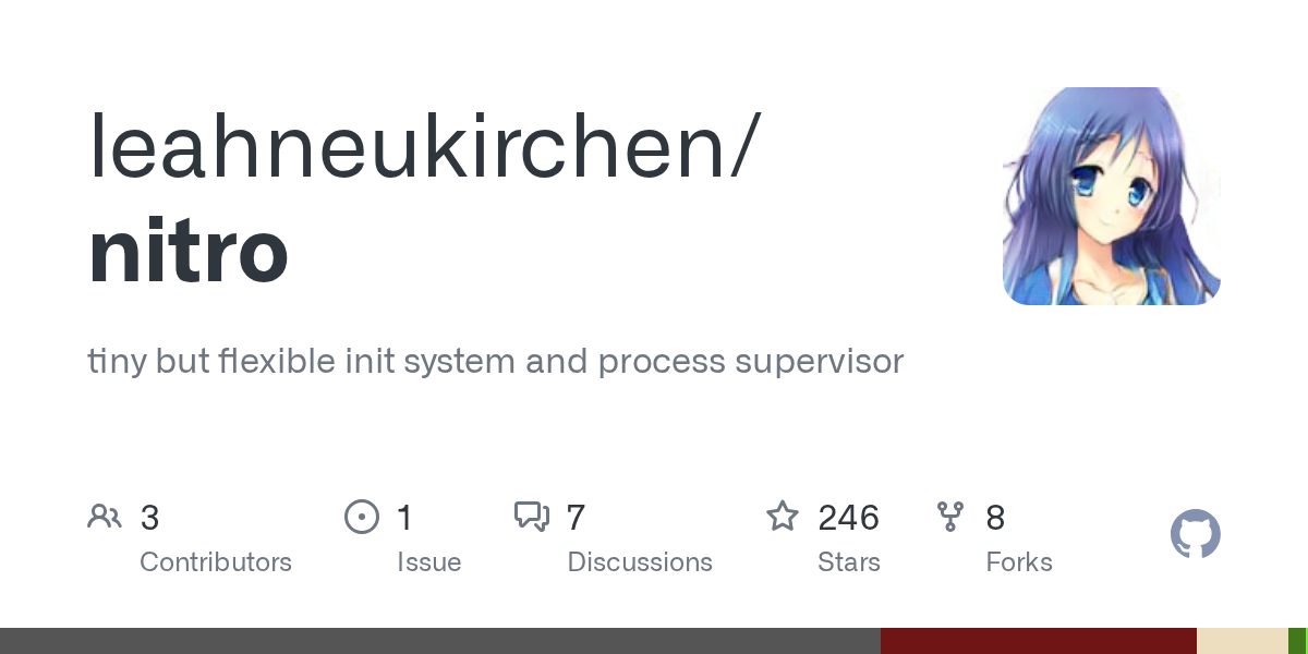 arrow-up11arrow-down1external-linknitro: tiny but flexible init system and process supervisorgithub.comRSS BotMB to Lobste.rsEnglish · 2 hours agomessage-square0fedilinkfile-textcross-posted to: linux@programming.devTechnology@programming.dev
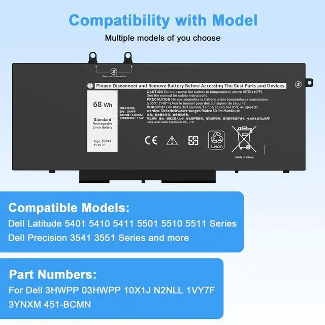 - Compatible P/N: 3HWPP,03HWPP,Latitude,5401,5501,5411,5511,5410,5510,E5401,E5501,E5411,E5511,Precision 3541,3551 Series;Inspiron 17 7500 2-in-1,17 7506 2-in-1,Black Edition Series
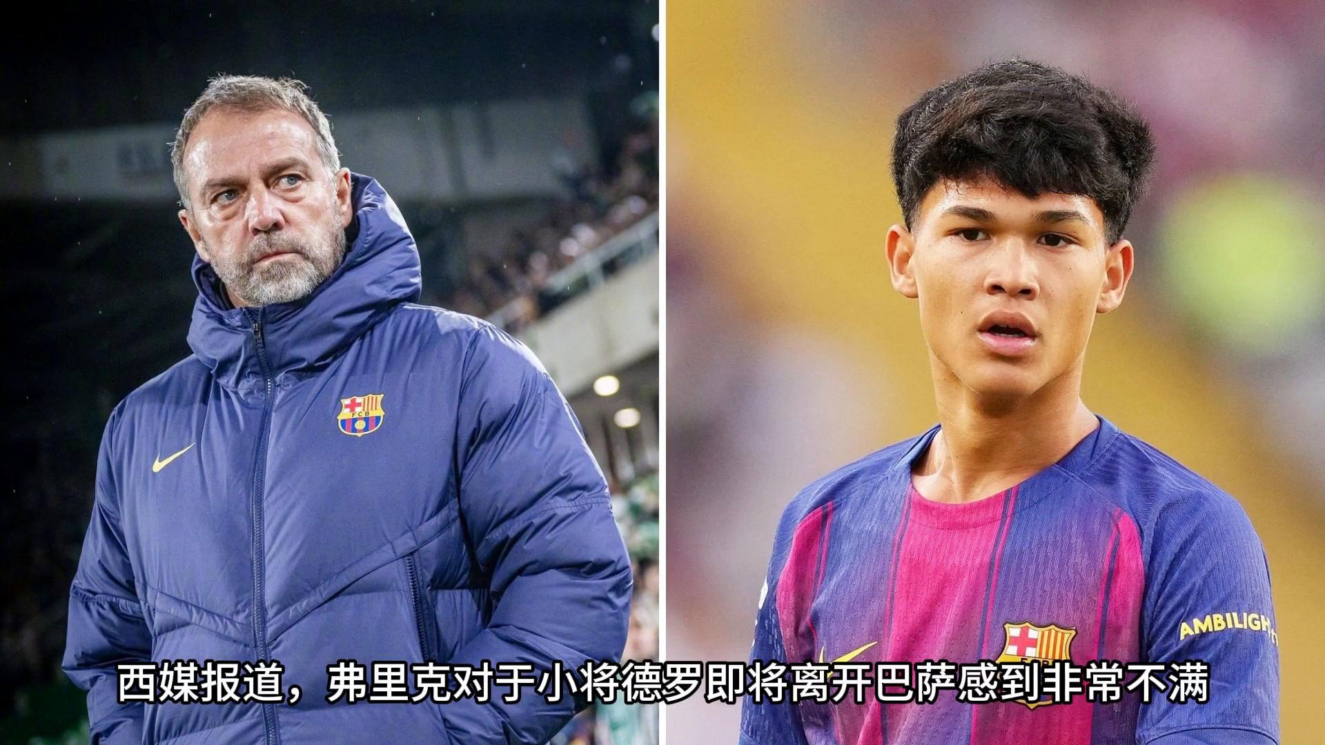 ·西媒报道,弗里克对于小将德罗即将离开巴萨感到非常不满,甚至向身边的人表示这是他人生中"遭遇过的最大失望"。
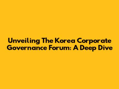 Unveiling The Korea Corporate Governance Forum: A Deep Dive
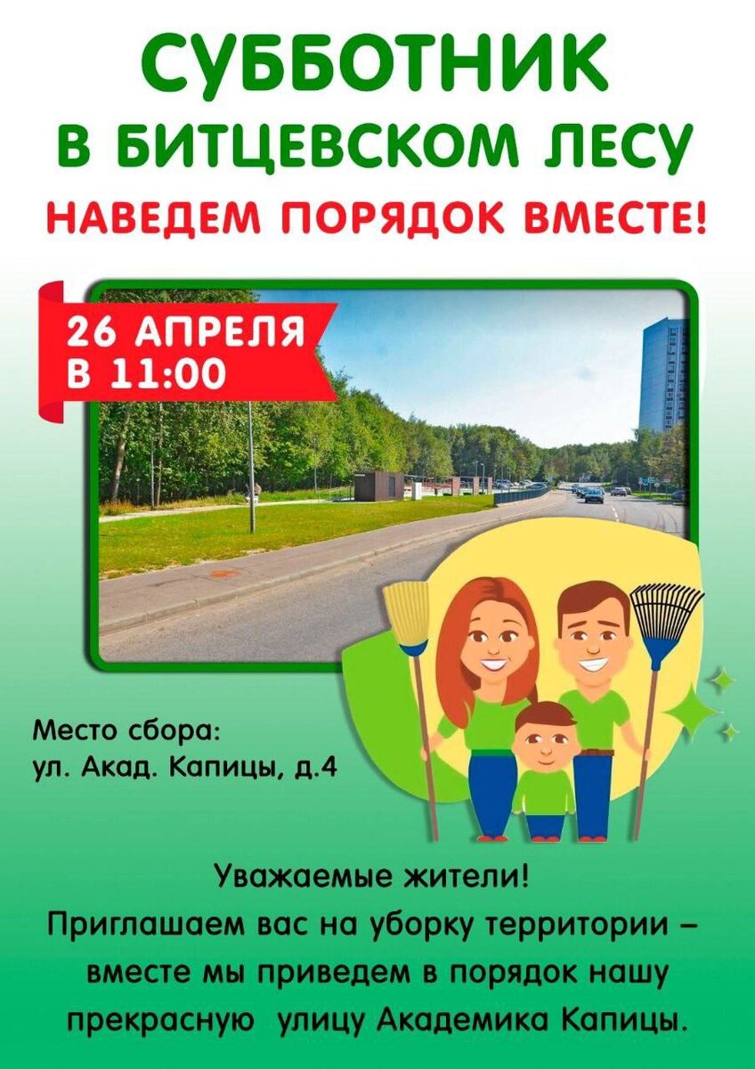 Субботник в Битцевском лесу: общественный инспектор ДПиООС Сергей Ильин призывает соблюдать природоохранные нормы Уважаемые жители! 26 апреля в 11:00 в Битцевском лесу состоится субботник, организованный местным самоуправлением. Общественный инспектор Департамента природопользования и охраны окружающей среды Москвы приглашает не только принять участие в уборке, но и проследить за тем, чтобы при проведении работ соблюдался природоохранный кодекс. Особое внимание будет уделено сохранению экосистемы леса и аккуратному обращению с зелёными насаждениями. Присоединяйтесь, чтобы внести вклад в чистоту района и сохранить природу Битцевского леса! Сбор участников в 11:00 по адресу: ул. Академика Капицы, д. 4. Контакты: +7 (968) 968-69-29 Прислать новость | Подписаться | boosty
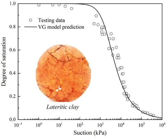 where , , , and are fitting parameters for lateritic clay, whose water retention behavior [45] is similar to the clay sample investigated in this paper (as shown in Figure 7).
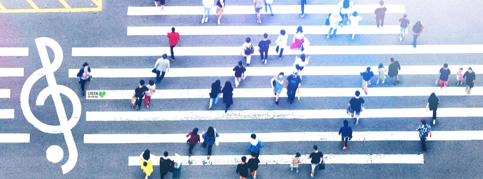 グリーン ダカラの広告で、人々が音符になる『横断譜道』を制作した。 人々が行き交う横断歩道に、「音色(個性)は多いほうが楽しい!」というメッセージを込めた。
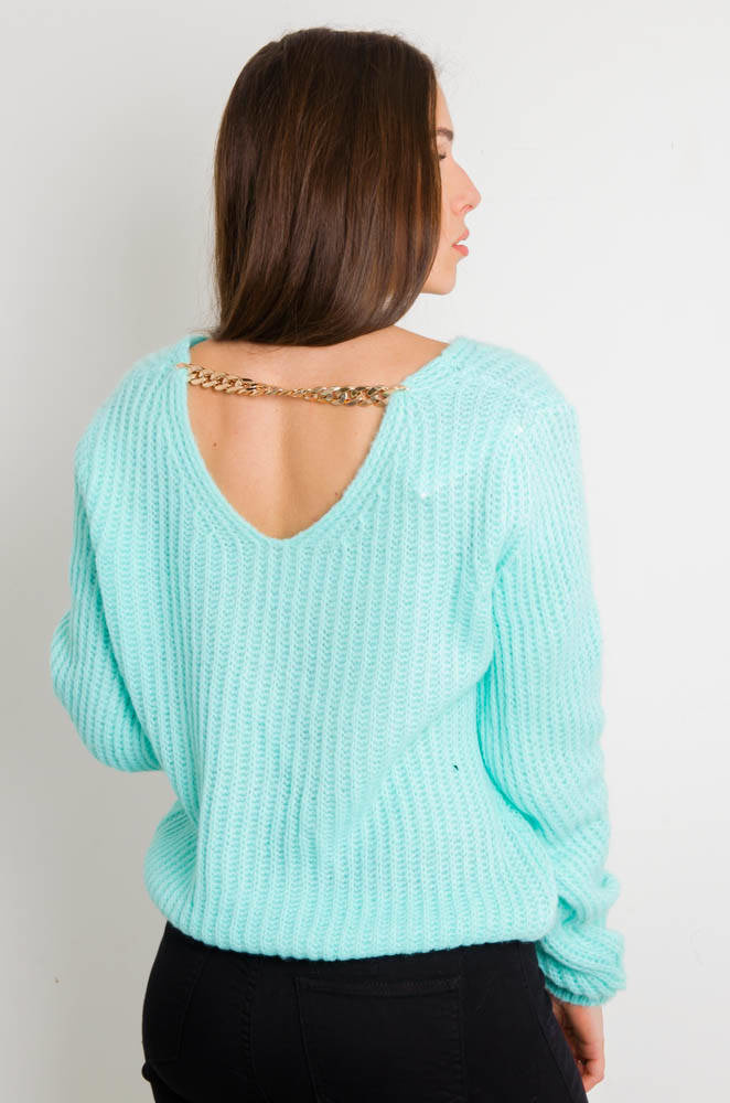 TURKUSOWY SWETER Z ŁAŃCUSZKIEM
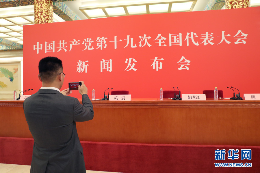 2017年10月17日下午,中國共產(chǎn)黨第十九次全國代表大會(huì)新聞發(fā)言人在人民大會(huì)堂三樓金色大廳舉行新聞發(fā)布會(huì),并回答中外記者提問。圖為記者在新聞發(fā)布會(huì)現(xiàn)場(chǎng)拍攝。新華網(wǎng) 翟子赫 攝
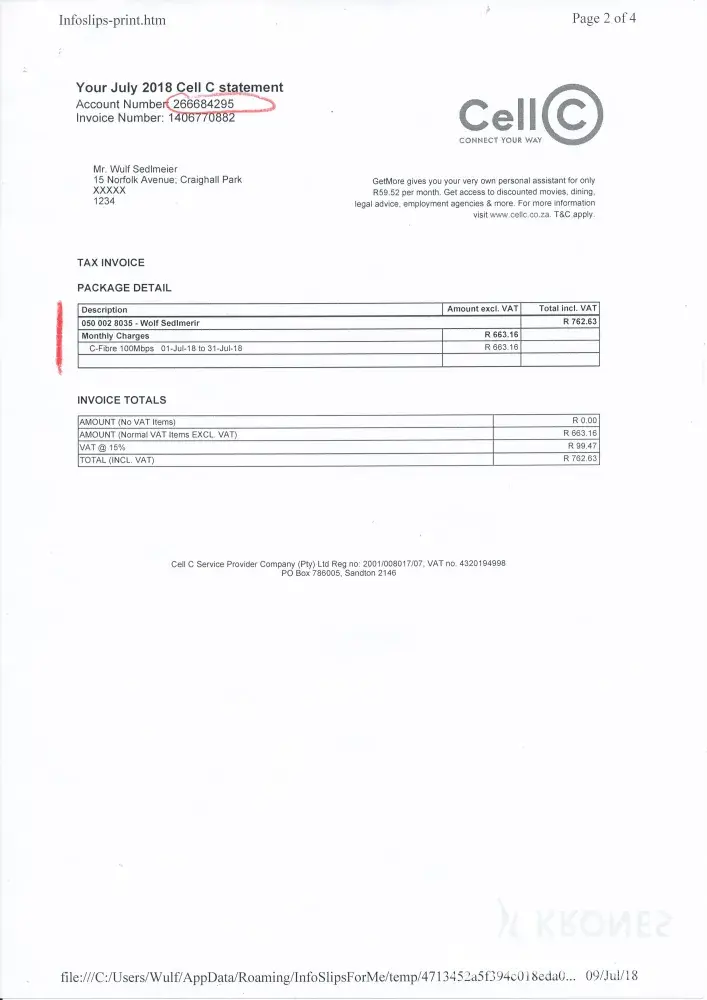Cell C's fiber/IT service creates two different accounts for one and the same service (i.e. Internet connection). Based on the duplication of accounts they charge twice for the same service. In addition, one statement shows a higher invoice amount than the actual invoice. The amounts are then charged to me via bank debit. Clearly there is no oversight as to how accounts are handled (or is there a more sinister reason?).
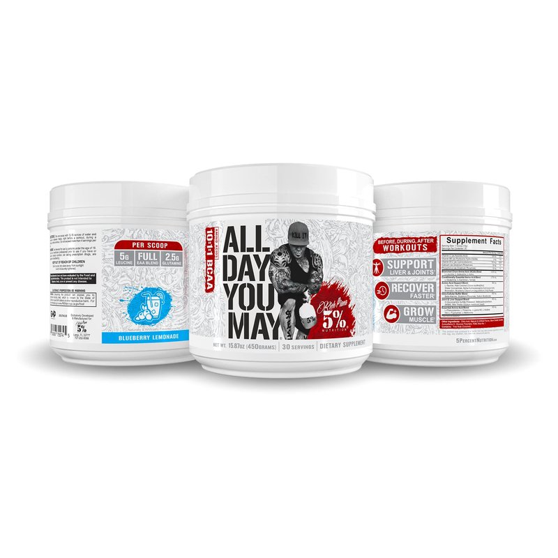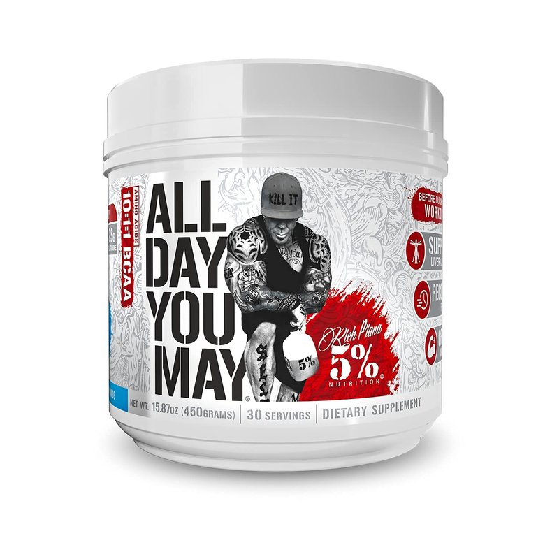5% Nutrition Rich Piana AllDayYouMay BCAA Powder | Premium Intra & Post Workout Amino Acids, Hydration, Endurance, Muscle Recovery, Joint & Liver Support | 15.9 oz, 30 Servings (Blueberry Lemonade)
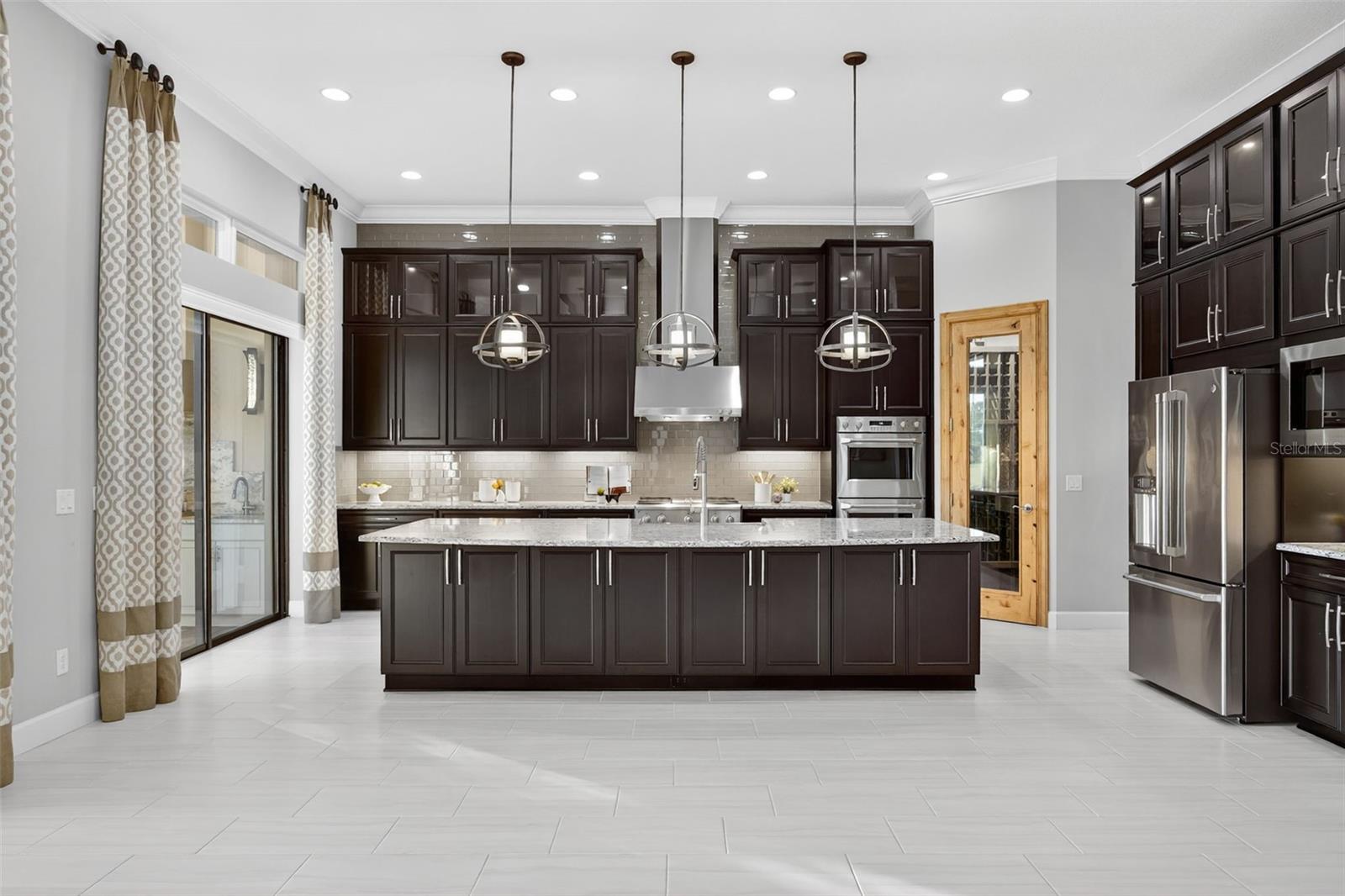 Discover unparalleled luxury in this exquisite Lakewood Ranch Esplanade home, situated on the community's largest lake with stunning southwest golf and water views. This three-bedroom, three-and-a-half-bath residence, complete with an office and dining room, showcases a sophisticated interior featuring high ceilings (12-foot with 13-foot trays), extensive crown molding, plantation shutters, and custom drapery. The functional, elegant kitchen is a chef's dream, equipped with Monogram appliances, ceiling-height cabinetry, quartz counters, and an instant hot water dispenser, while the pantry has been expertly converted into a climate-controlled, 300-bottle wine room. The master suite offers a serene bay window and custom closets, and each additional bedroom includes an ensuite bath. The outdoor oasis is designed for ultimate relaxation and entertaining, boasting a heated pool and hot tub with waterfall features, an outdoor kitchen with a grill and refrigerator, a gas fireplace, a power awning, and picture-view screens; advanced features like power hurricane blinds and Sonos speakers enhance the experience. The home further includes practical luxuries such as a three-car garage with heavy-duty storage, a full-house Eco water filter system, a tankless water heater, and an extended driveway with a custom iron entry door. Residents gain access to Esplanade's top-tier amenities, including championship golf, fine dining at the Culinary Center, two fitness centers, tennis, pickleball, and a vibrant social calendar, all ideally located near Sarasota, St. Pete, Tampa and some of the best beaches on the Gulf Coast of Florida. Fabulous dining, shopping and event locations abound. A forever home location with rivers north, south and the bays of the Gulf to the west. Making ease for some of the best sights in water activities. Be the first to step toward this home, as it won't be available long.
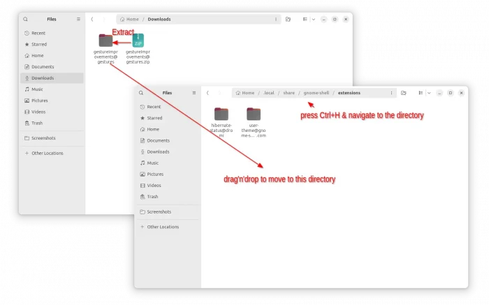 Then, open file manager and extract the Zip archive. Finally, copy or move the extracted folder to .local/share/gnome-shell/extensions directory.
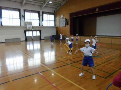 「ようぐあそび」では,フラフープや棒を使って,遊びを工夫しました。いろんな遊びを考えて,友達と楽しんでいました。
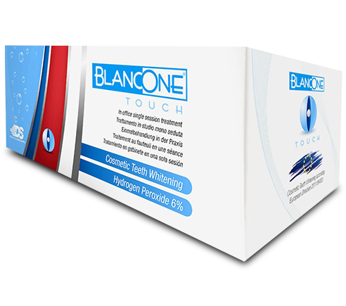 Thanks to BlancOne TOUCH your patients will enjoy a whiter smile, using the same principle of the home treatments (16% carbamide peroxide), but in a fast in-office session (3 applications, 8 minutes each) instead of recurring to weeks of home trays.
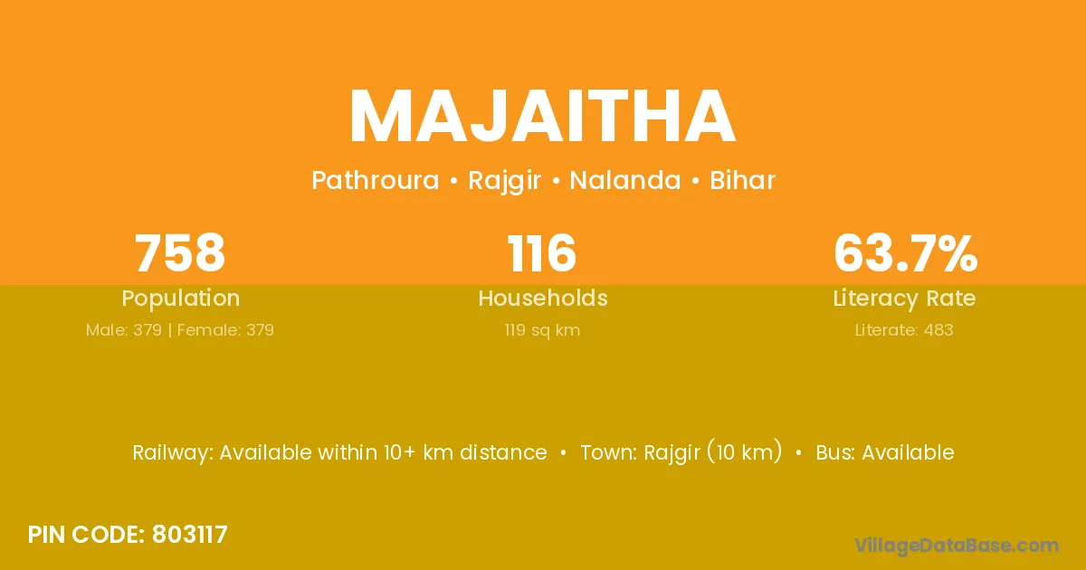 Rajgir (10 km) is the nearest town to Majaitha village for major economic activities and is located approximately 10 km away.

· · · · · · ·

* **Task brief**
Please repeat the listing precisely, excluding the pictures it contains.

* **Reply to the exercise**
 arrow-up11arrow-down1external-linknitro: tiny but flexible init system and process supervisorgithub.comRSS BotMB to Lobste.rsEnglish · 2 hours agomessage-square0fedilinkfile-textcross-posted to: linux@programming.devTechnology@programming.dev
 - Compatible P/N: 3HWPP,03HWPP,Latitude,5401,5501,5411,5511,5410,5510,E5401,E5501,E5411,E5511,Precision 3541,3551 Series;Inspiron 17 7500 2-in-1,17 7506 2-in-1,Black Edition Series
 ·西媒报道,弗里克对于小将德罗即将离开巴萨感到非常不满,甚至向身边的人表示这是他人生中"遭遇过的最大失望"。
 Unveiling The Korea Corporate Governance Forum: A Deep Dive
 Субботник в Битцевском лесу: общественный инспектор ДПиООС Сергей Ильин призывает соблюдать природоохранные нормы Уважаемые жители! 26 апреля в 11:00 в Битцевском лесу состоится субботник, организованный местным самоуправлением. Общественный инспектор Департамента природопользования и охраны окружающей среды Москвы приглашает не только принять участие в уборке, но и проследить за тем, чтобы при проведении работ соблюдался природоохранный кодекс. Особое внимание будет уделено сохранению экосистемы леса и аккуратному обращению с зелёными насаждениями. Присоединяйтесь, чтобы внести вклад в чистоту района и сохранить природу Битцевского леса! Сбор участников в 11:00 по адресу: ул. Академика Капицы, д. 4. Контакты: +7 (968) 968-69-29 Прислать новость | Подписаться | boosty
 where , , , and are fitting parameters for lateritic clay, whose water retention behavior [45] is similar to the clay sample investigated in this paper (as shown in Figure 7).
 グリーン ダカラの広告で、人々が音符になる『横断譜道』を制作した。 人々が行き交う横断歩道に、「音色(個性)は多いほうが楽しい!」というメッセージを込めた。
 TURKUSOWY SWETER Z ŁAŃCUSZKIEM
 2017年10月17日下午,中國共產(chǎn)黨第十九次全國代表大會(huì)新聞發(fā)言人在人民大會(huì)堂三樓金色大廳舉行新聞發(fā)布會(huì),并回答中外記者提問。圖為記者在新聞發(fā)布會(huì)現(xiàn)場(chǎng)拍攝。新華網(wǎng) 翟子赫 攝
Cell C's fiber/IT service creates two different accounts for one and the same service (i.e. Internet connection). Based on the duplication of accounts they charge twice for the same service. In addition, one statement shows a higher invoice amount than the actual invoice. The amounts are then charged to me via bank debit. Clearly there is no oversight as to how accounts are handled (or is there a more sinister reason?).
5% Nutrition Rich Piana AllDayYouMay BCAA Powder | Premium Intra & Post Workout Amino Acids, Hydration, Endurance, Muscle Recovery, Joint & Liver Support | 15.9 oz, 30 Servings (Blueberry Lemonade)
 Discover unparalleled luxury in this exquisite Lakewood Ranch Esplanade home, situated on the community's largest lake with stunning southwest golf and water views. This three-bedroom, three-and-a-half-bath residence, complete with an office and dining room, showcases a sophisticated interior featuring high ceilings (12-foot with 13-foot trays), extensive crown molding, plantation shutters, and custom drapery. The functional, elegant kitchen is a chef's dream, equipped with Monogram appliances, ceiling-height cabinetry, quartz counters, and an instant hot water dispenser, while the pantry has been expertly converted into a climate-controlled, 300-bottle wine room. The master suite offers a serene bay window and custom closets, and each additional bedroom includes an ensuite bath. The outdoor oasis is designed for ultimate relaxation and entertaining, boasting a heated pool and hot tub with waterfall features, an outdoor kitchen with a grill and refrigerator, a gas fireplace, a power awning, and picture-view screens; advanced features like power hurricane blinds and Sonos speakers enhance the experience. The home further includes practical luxuries such as a three-car garage with heavy-duty storage, a full-house Eco water filter system, a tankless water heater, and an extended driveway with a custom iron entry door. Residents gain access to Esplanade's top-tier amenities, including championship golf, fine dining at the Culinary Center, two fitness centers, tennis, pickleball, and a vibrant social calendar, all ideally located near Sarasota, St. Pete, Tampa and some of the best beaches on the Gulf Coast of Florida. Fabulous dining, shopping and event locations abound. A forever home location with rivers north, south and the bays of the Gulf to the west. Making ease for some of the best sights in water activities. Be the first to step toward this home, as it won't be available long.
 Then, open file manager and extract the Zip archive. Finally, copy or move the extracted folder to .local/share/gnome-shell/extensions directory.
 「ようぐあそび」では,フラフープや棒を使って,遊びを工夫しました。いろんな遊びを考えて,友達と楽しんでいました。
 Thanks to BlancOne TOUCH your patients will enjoy a whiter smile, using the same principle of the home treatments (16% carbamide peroxide), but in a fast in-office session (3 applications, 8 minutes each) instead of recurring to weeks of home trays.
 Rajgir (10 km) is the nearest town to Majaitha village for major economic activities and is located approximately 10 km away.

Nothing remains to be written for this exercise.